Prompt -> Omit all pictures and transcribe only the lines in the entries below that run from the line with "活动当晚,同学们提前来到课室" through the line with "欧洲站夏季新款男士衬衫夏日风情时尚短袖免熨烫翻领衬...".

Records provided ->

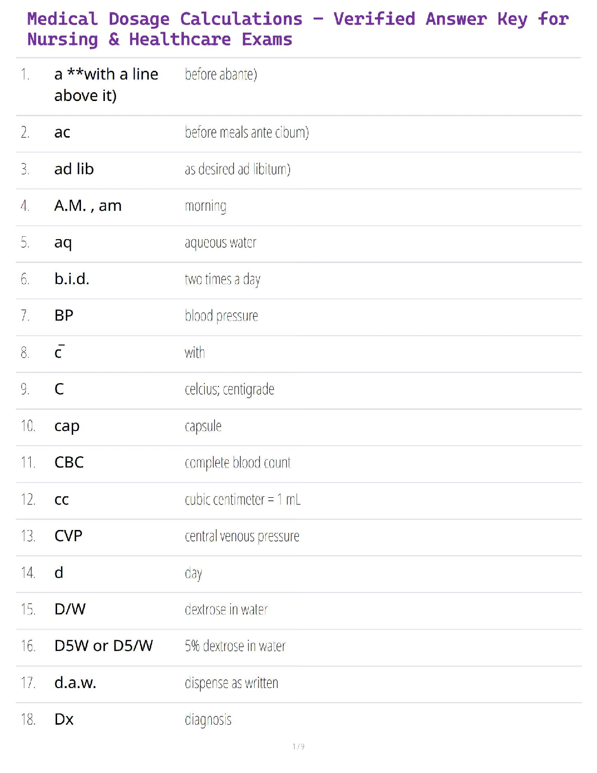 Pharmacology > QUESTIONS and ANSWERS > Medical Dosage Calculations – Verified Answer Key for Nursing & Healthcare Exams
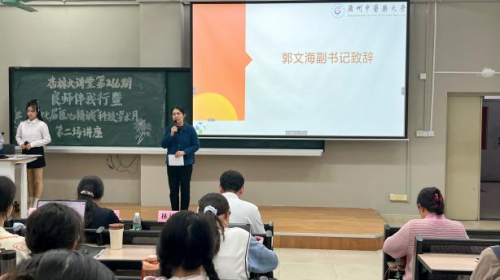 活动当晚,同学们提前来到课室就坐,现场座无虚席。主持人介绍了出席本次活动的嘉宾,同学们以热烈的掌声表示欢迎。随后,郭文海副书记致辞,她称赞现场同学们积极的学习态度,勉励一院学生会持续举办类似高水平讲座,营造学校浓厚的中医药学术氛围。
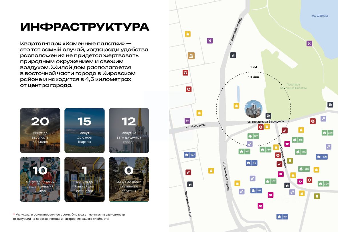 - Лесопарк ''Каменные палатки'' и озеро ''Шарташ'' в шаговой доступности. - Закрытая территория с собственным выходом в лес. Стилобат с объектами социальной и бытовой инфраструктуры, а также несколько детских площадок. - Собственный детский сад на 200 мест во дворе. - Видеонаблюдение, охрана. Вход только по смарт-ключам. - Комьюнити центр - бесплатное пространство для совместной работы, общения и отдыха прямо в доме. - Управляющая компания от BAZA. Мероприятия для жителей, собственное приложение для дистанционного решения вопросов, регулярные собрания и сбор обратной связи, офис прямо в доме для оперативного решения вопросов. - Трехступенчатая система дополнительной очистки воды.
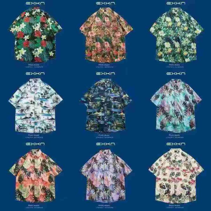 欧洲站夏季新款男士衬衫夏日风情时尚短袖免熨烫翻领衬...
---
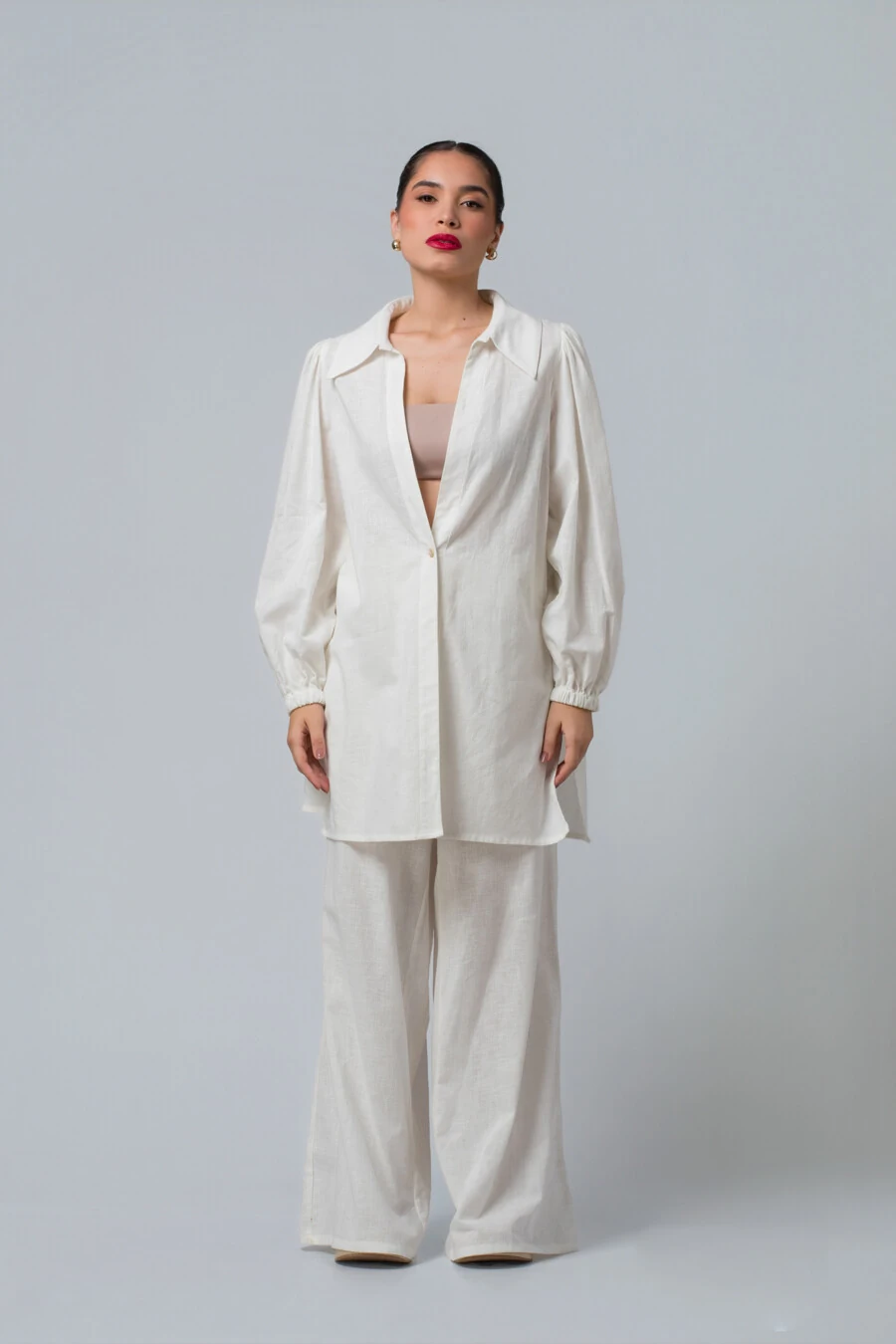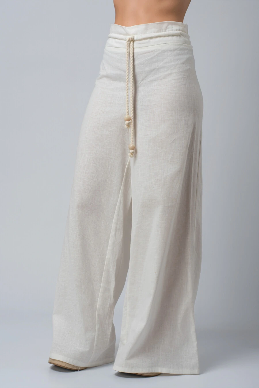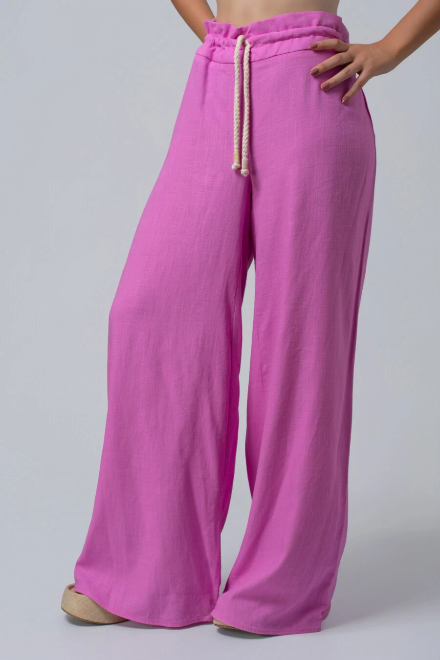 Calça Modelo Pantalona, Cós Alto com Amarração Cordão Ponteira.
---
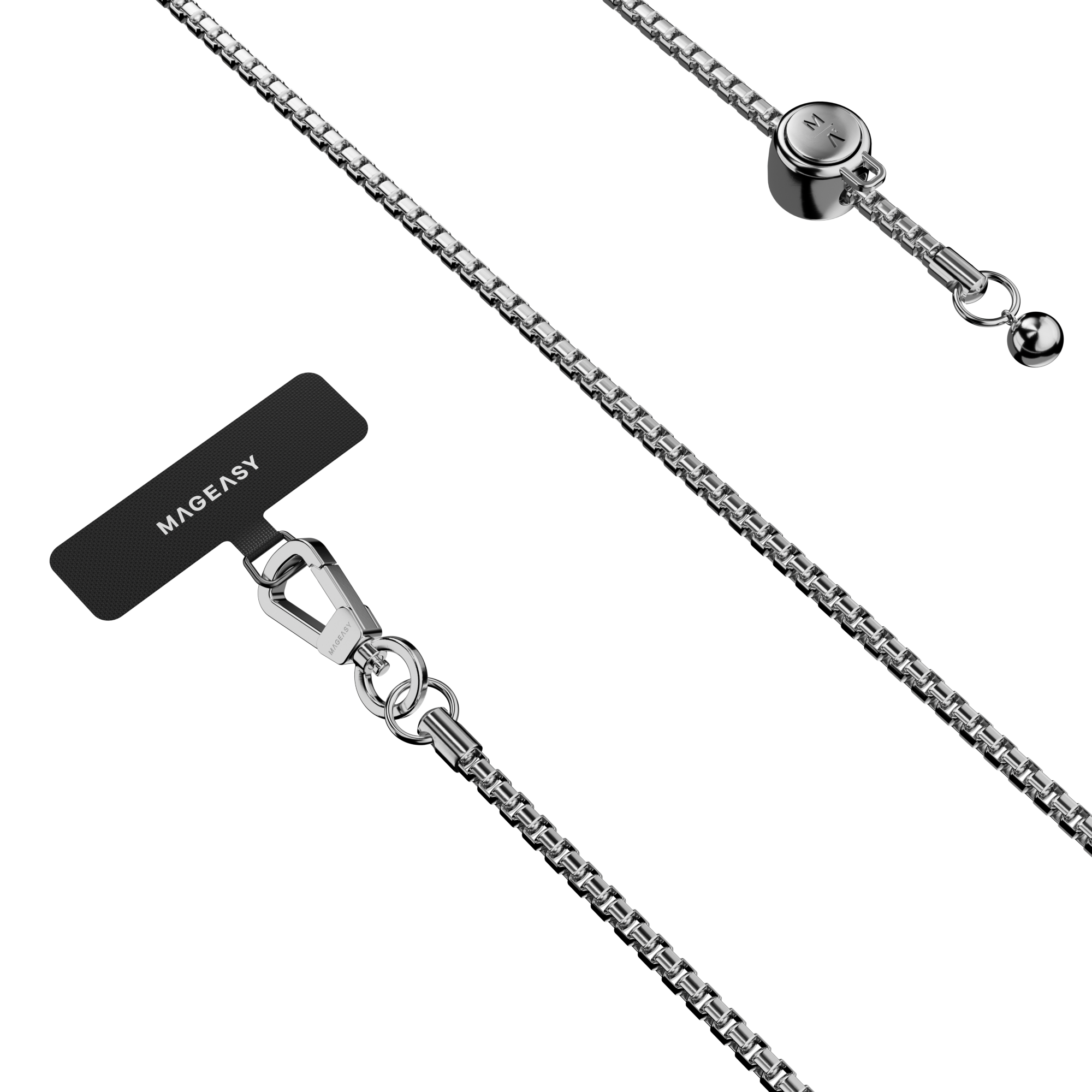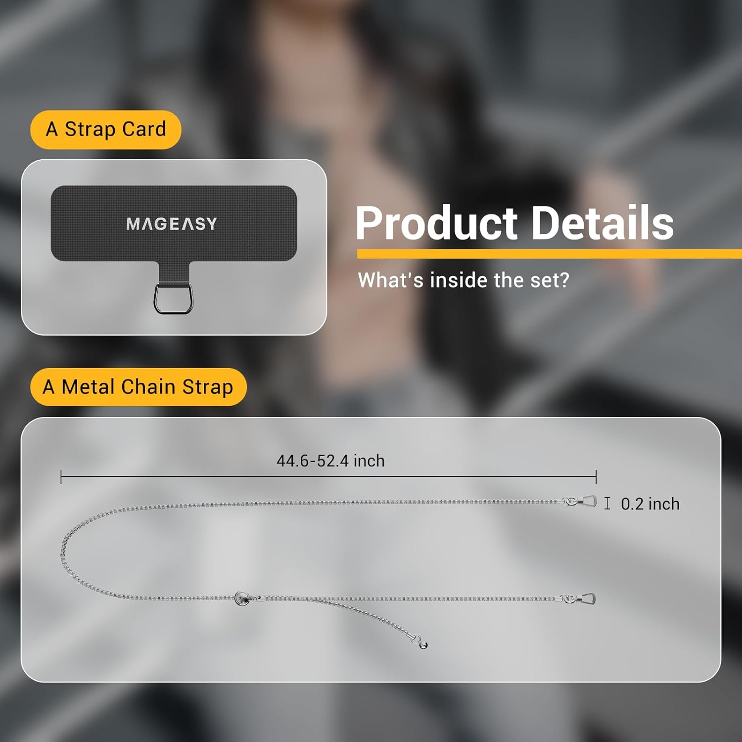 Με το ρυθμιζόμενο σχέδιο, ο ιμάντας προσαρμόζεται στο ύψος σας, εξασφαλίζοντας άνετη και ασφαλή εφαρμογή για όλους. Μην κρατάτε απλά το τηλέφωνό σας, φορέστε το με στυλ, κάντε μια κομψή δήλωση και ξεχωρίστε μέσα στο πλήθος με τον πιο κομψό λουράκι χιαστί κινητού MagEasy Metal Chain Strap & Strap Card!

Completed task ->
 活动当晚,同学们提前来到课室就坐,现场座无虚席。主持人介绍了出席本次活动的嘉宾,同学们以热烈的掌声表示欢迎。随后,郭文海副书记致辞,她称赞现场同学们积极的学习态度,勉励一院学生会持续举办类似高水平讲座,营造学校浓厚的中医药学术氛围。
 - Лесопарк ''Каменные палатки'' и озеро ''Шарташ'' в шаговой доступности. - Закрытая территория с собственным выходом в лес. Стилобат с объектами социальной и бытовой инфраструктуры, а также несколько детских площадок. - Собственный детский сад на 200 мест во дворе. - Видеонаблюдение, охрана. Вход только по смарт-ключам. - Комьюнити центр - бесплатное пространство для совместной работы, общения и отдыха прямо в доме. - Управляющая компания от BAZA. Мероприятия для жителей, собственное приложение для дистанционного решения вопросов, регулярные собрания и сбор обратной связи, офис прямо в доме для оперативного решения вопросов. - Трехступенчатая система дополнительной очистки воды.
 欧洲站夏季新款男士衬衫夏日风情时尚短袖免熨烫翻领衬...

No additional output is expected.